Post-Training Guide#

This guide provides instructions for post-training Cosmos-Reason1 on the SFT/RL datasets using cosmos-rl (refer to the cosmos-rl documentation documentation for more details).

Setup#

  1. Follow the Installation guide to install system dependencies and clone the Cosmos-Reason1 repository from GitHub

  2. Install the redis package:

    pkgm install redis-server
    # or
    conda install -c conda-forge redis-server
    
  3. Set up the post-training environment:

    cd examples/post_training
    just install
    source .venv/bin/activate
    

Monitoring#

We recommend using wandb to monitor training.

  1. Acquire your WANDB_API_KEY.

  2. Log in to wandb:

uv tool install -U wandb
wandb login

Now, when training you will observe the wandb link in the logging:

wandb: 🚀 View run at https://wandb.ai/${WANDB_USER_NAME}/${config.logging.project_name}/runs/20250515101157

Training#

Note

Following the below training steps will trigger a download of around 200GB of model and dataset files from Hugging Face. Ensure that your ~/.cache directory has enough storage space or that the HF_HOME and COSMOS_CACHE environment variables are set to a directory with enough space.

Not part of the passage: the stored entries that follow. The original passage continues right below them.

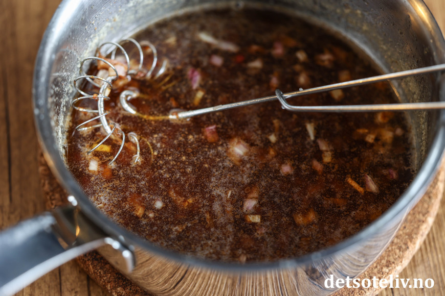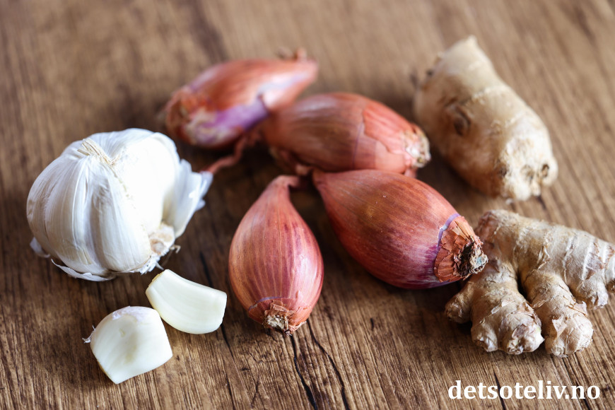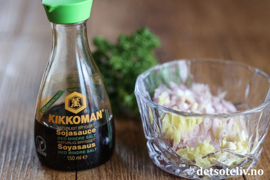 Bland soyasaus i smøret. Hakk hvitløk og sjalottløk helt fint og tilsett. Skrell ingefær og riv på fint rivjern slik at du får en ingefærmos. Mål opp 1 teskje og ha dette i sausen.
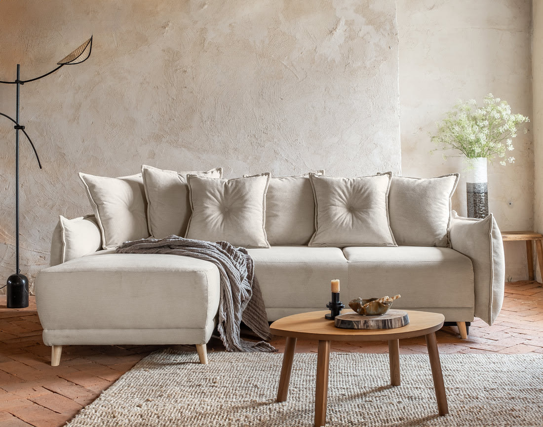 Canapé droit convertible coffre EVEREST tissu chiné avec pouf chez Bobochic 1 799 €
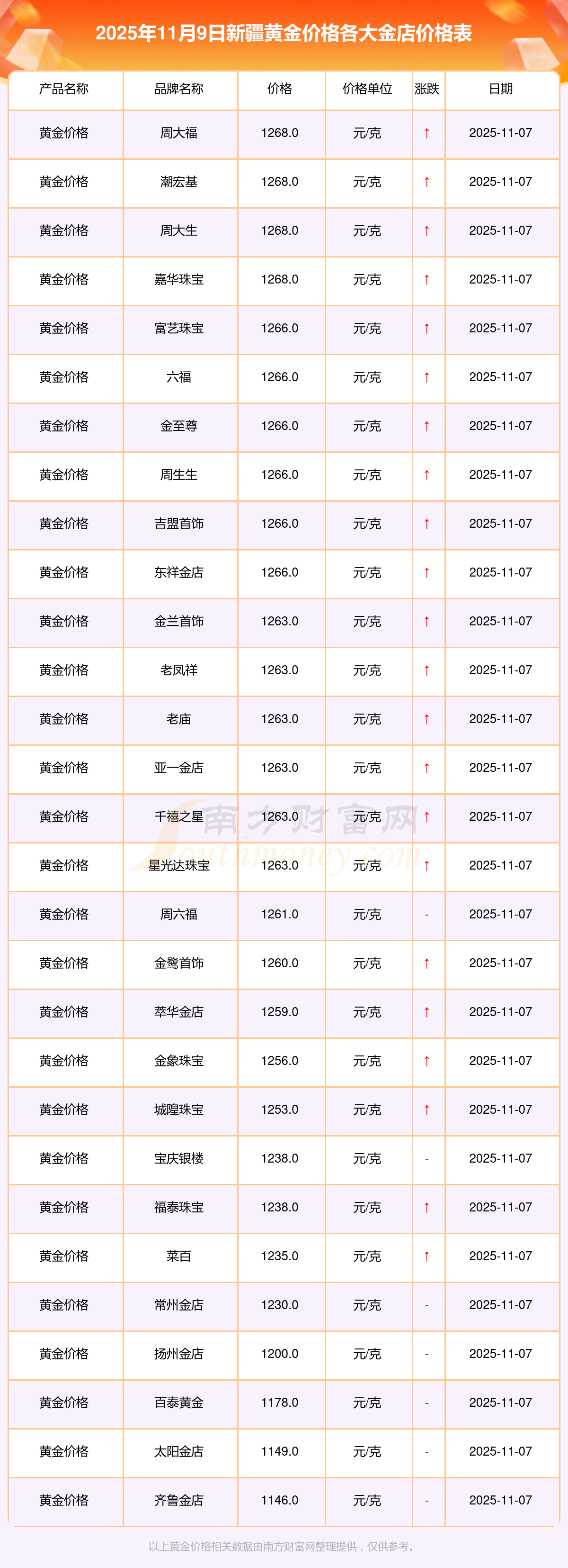 2025年11月9日,新疆寶泉錢幣、金蘭首飾、金蘭首飾、謝瑞麟、謝瑞麟、謝瑞麟、謝瑞麟、謝瑞麟、金銀街、金銀街、金銀街等各大金店品牌黃金價(jià)格今日價(jià)格行情最新來了:寶泉錢幣11.4元/克、金蘭首飾1263.0元/克、金蘭首飾560.0元/克、謝瑞麟1202.0元/克、謝瑞麟1268.0元/克、謝瑞麟44260.0、謝瑞麟13080.0、謝瑞麟39960.0、金銀街1243.0元/克、金銀街1258.0元/克、金銀街1248.0元/克。

Supervised Fine-Tuning (SFT)#

SFT training can improve model capability on tasks that have a similar distribution to that of the training dataset: For example, training with the robovqa dataset can improve performance with robotics-focused visual question-answering scenarios.

Configuration#

Configure settings by editing the configs/sft.toml file. The default configuration uses 4 GPUs. Variants include the following:

  • 8 GPUs

    [policy.parallelism]
    dp_shard_size = 8
    

Training#

Run training as follows:

cosmos-rl --config configs/sft.toml ./tools/dataset/cosmos_sft.py

After training completes, the final output checkpoint can be found in the log:

[rank0]:Exported safetensors to ./outputs/sft/20250516061336/safetensors/final

Reinforcement Learning (RL)#

RL training can improve model reasoning capability on certain tasks with the reasoning training dataset.

Configuration#

Configure settings by editing the configs/rl.toml file. The default configuration uses 4 GPUs. Variants include the following:

  • 8 GPUs

    [rollout.parallelism]
    tp_size = 4
    
    [policy.parallelism]
    dp_shard_size = 4
    

Training#

Run training as follows:

cosmos-rl --config configs/rl.toml tools/dataset/cosmos_grpo.py

Similar to SFT training, the final output checkpoint can be found in the log.

Next Steps#

To evaluate the post-trained model, run the Cosmos-Reason1 Benchmark.